-- Task instructions --
In the entries below, begin at the line that has "按下播放按鈕以查看所有類別,與它們一起播" and stop after the line that has "เราได้รับใบรับรองมาตรฐานระดับสากล HCSP-CCTV และ"; output those lines exactly, leaving out pictures.

-- Input data --
<<<<
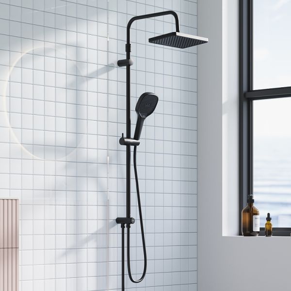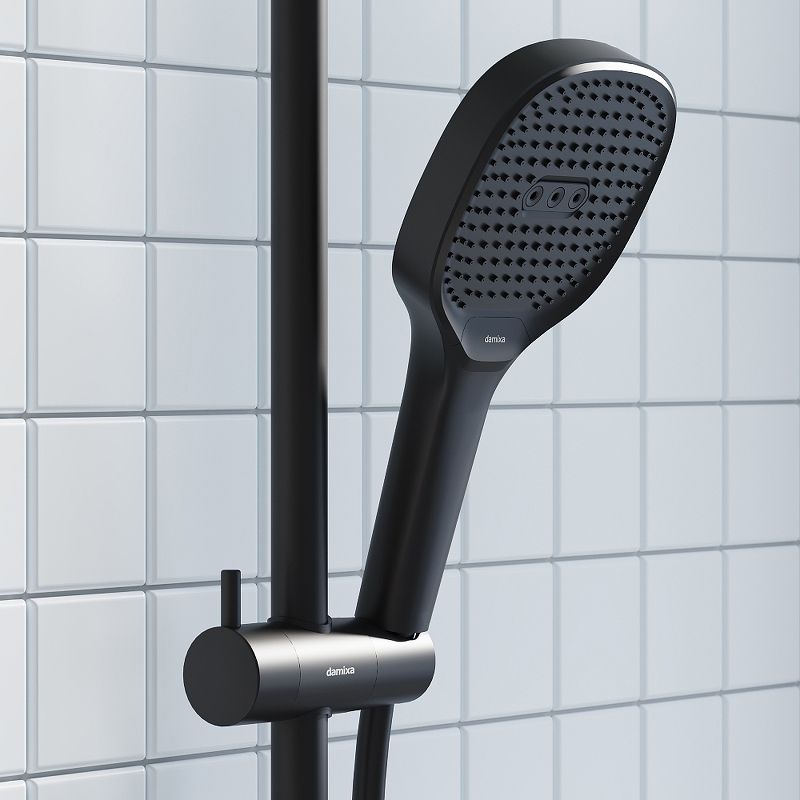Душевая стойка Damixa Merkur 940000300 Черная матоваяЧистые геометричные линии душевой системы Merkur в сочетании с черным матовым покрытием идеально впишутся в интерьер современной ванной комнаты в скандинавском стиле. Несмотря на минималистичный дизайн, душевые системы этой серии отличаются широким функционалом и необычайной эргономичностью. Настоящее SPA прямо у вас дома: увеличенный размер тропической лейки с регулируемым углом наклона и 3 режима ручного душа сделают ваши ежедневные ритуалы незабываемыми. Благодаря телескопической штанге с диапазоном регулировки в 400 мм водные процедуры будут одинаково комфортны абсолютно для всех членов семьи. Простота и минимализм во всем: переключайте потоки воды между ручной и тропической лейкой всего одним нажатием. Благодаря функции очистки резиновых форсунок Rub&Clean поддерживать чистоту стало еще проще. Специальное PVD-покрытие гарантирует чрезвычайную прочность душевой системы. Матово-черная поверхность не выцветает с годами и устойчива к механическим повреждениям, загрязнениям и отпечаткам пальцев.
>>>>
<<<<
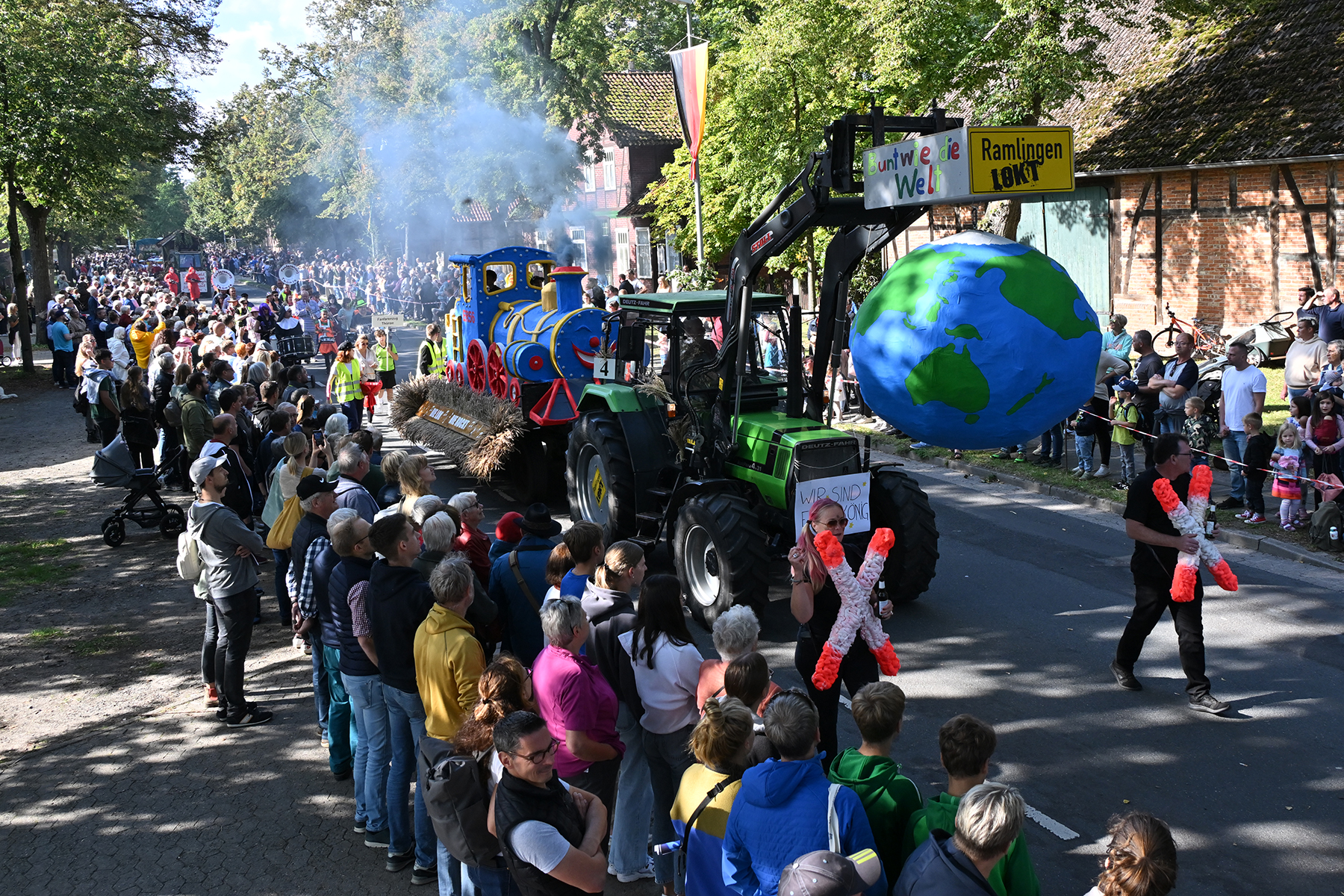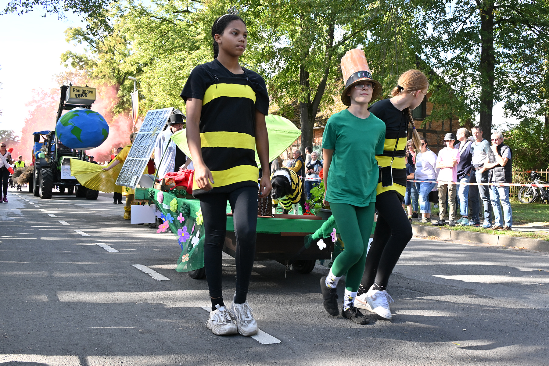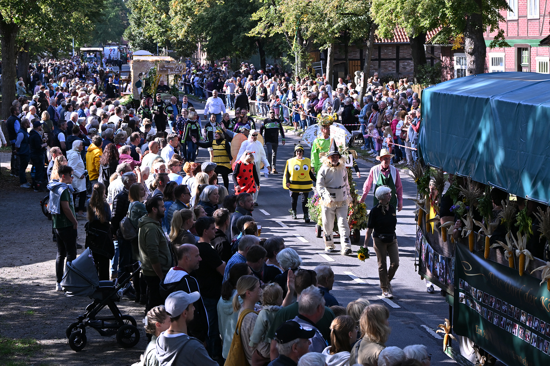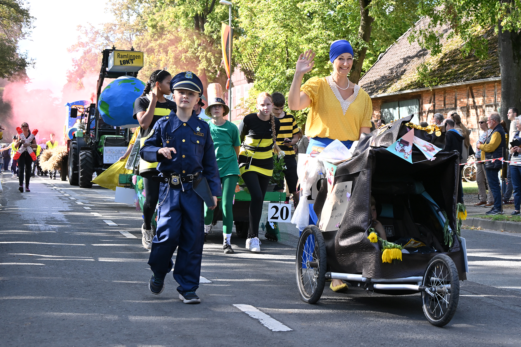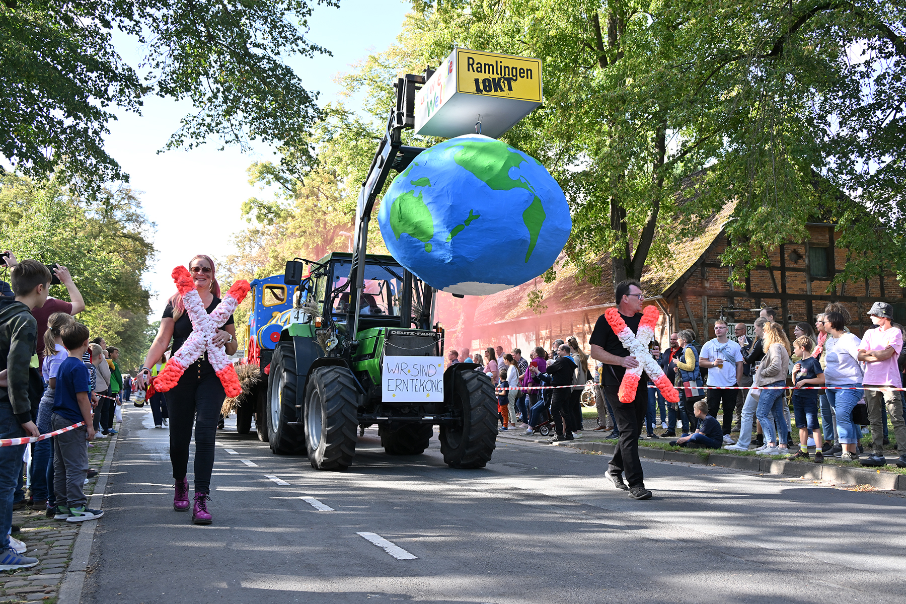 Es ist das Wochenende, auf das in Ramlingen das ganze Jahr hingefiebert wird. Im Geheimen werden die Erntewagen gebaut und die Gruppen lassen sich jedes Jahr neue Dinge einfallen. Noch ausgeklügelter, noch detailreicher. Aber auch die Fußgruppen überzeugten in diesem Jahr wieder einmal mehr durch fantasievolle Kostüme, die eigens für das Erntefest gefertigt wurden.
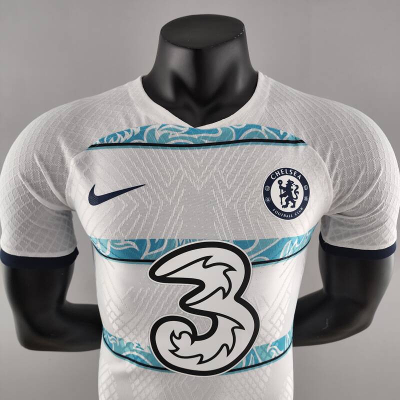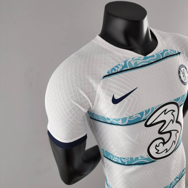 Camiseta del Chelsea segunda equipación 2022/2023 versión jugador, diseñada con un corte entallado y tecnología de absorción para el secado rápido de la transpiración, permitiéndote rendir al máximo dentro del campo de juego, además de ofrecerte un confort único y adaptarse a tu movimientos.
>>>>
<<<<
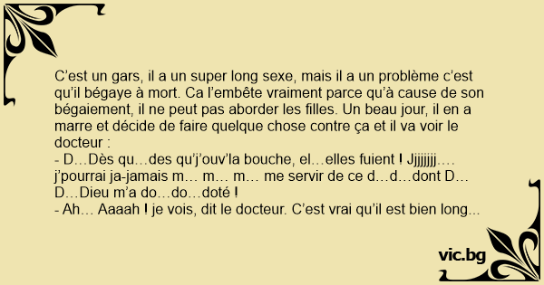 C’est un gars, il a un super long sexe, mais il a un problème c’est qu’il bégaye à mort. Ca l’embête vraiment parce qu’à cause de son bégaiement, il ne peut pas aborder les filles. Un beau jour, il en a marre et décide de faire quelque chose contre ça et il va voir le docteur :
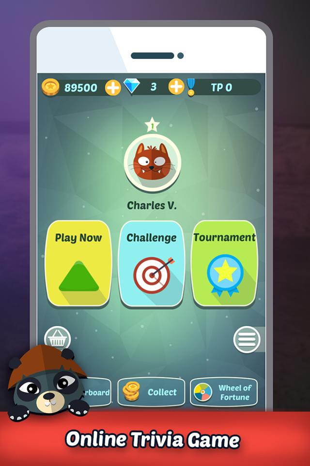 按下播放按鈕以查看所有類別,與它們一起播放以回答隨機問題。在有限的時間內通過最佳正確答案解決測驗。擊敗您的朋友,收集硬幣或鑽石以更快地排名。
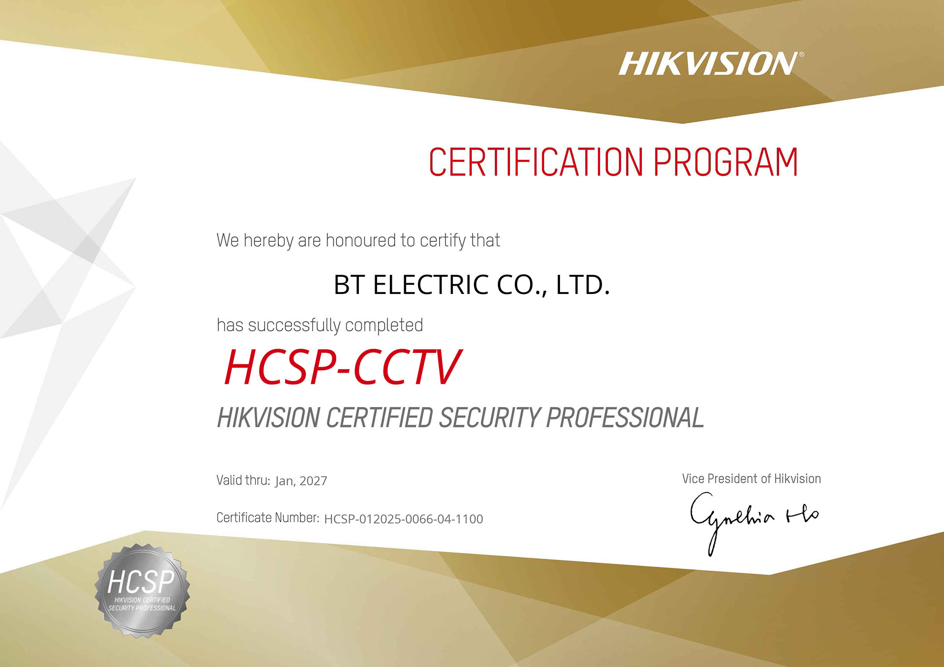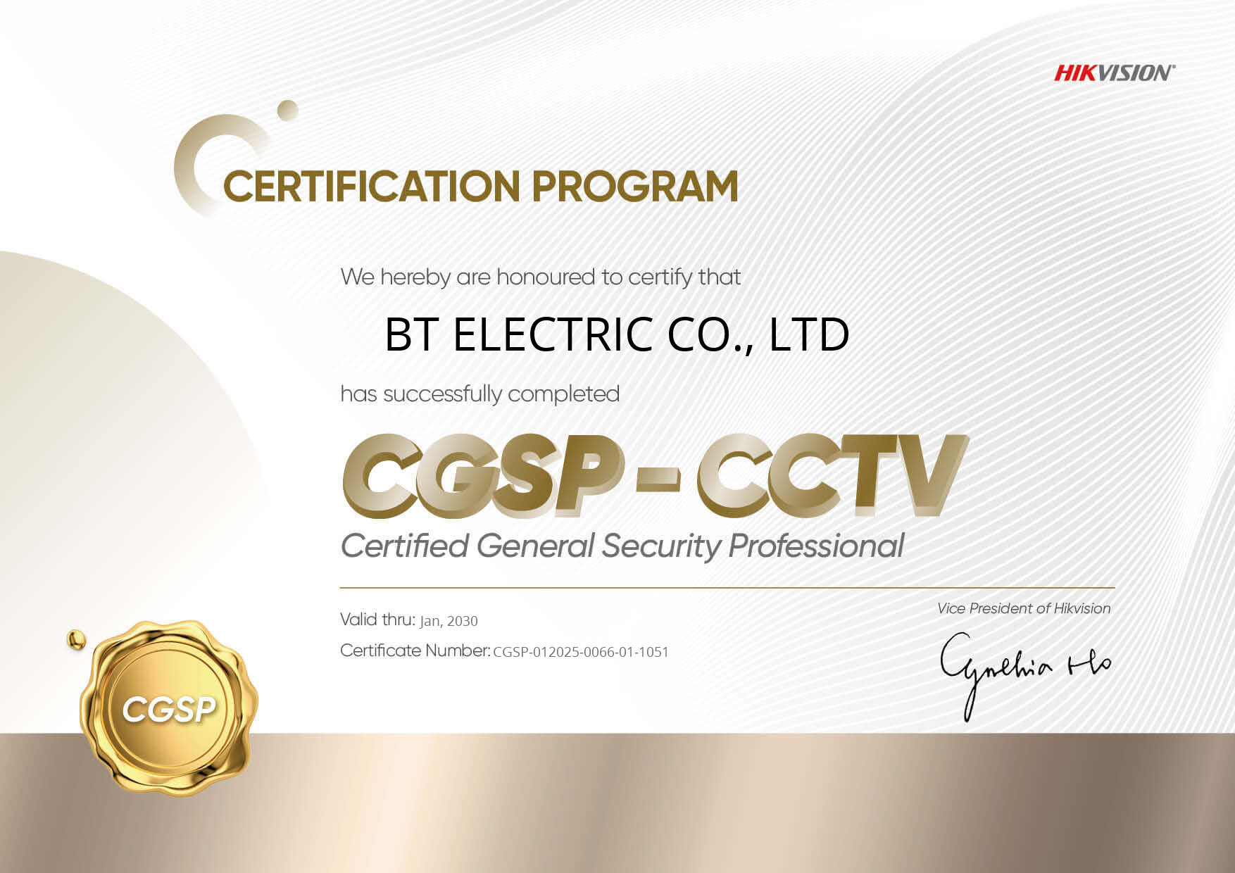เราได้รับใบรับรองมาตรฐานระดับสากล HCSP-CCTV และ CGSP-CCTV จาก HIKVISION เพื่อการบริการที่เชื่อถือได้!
>>>>
-- Written response --
 按下播放按鈕以查看所有類別,與它們一起播放以回答隨機問題。在有限的時間內通過最佳正確答案解決測驗。擊敗您的朋友,收集硬幣或鑽石以更快地排名。
เราได้รับใบรับรองมาตรฐานระดับสากล HCSP-CCTV และ CGSP-CCTV จาก HIKVISION เพื่อการบริการที่เชื่อถือได้!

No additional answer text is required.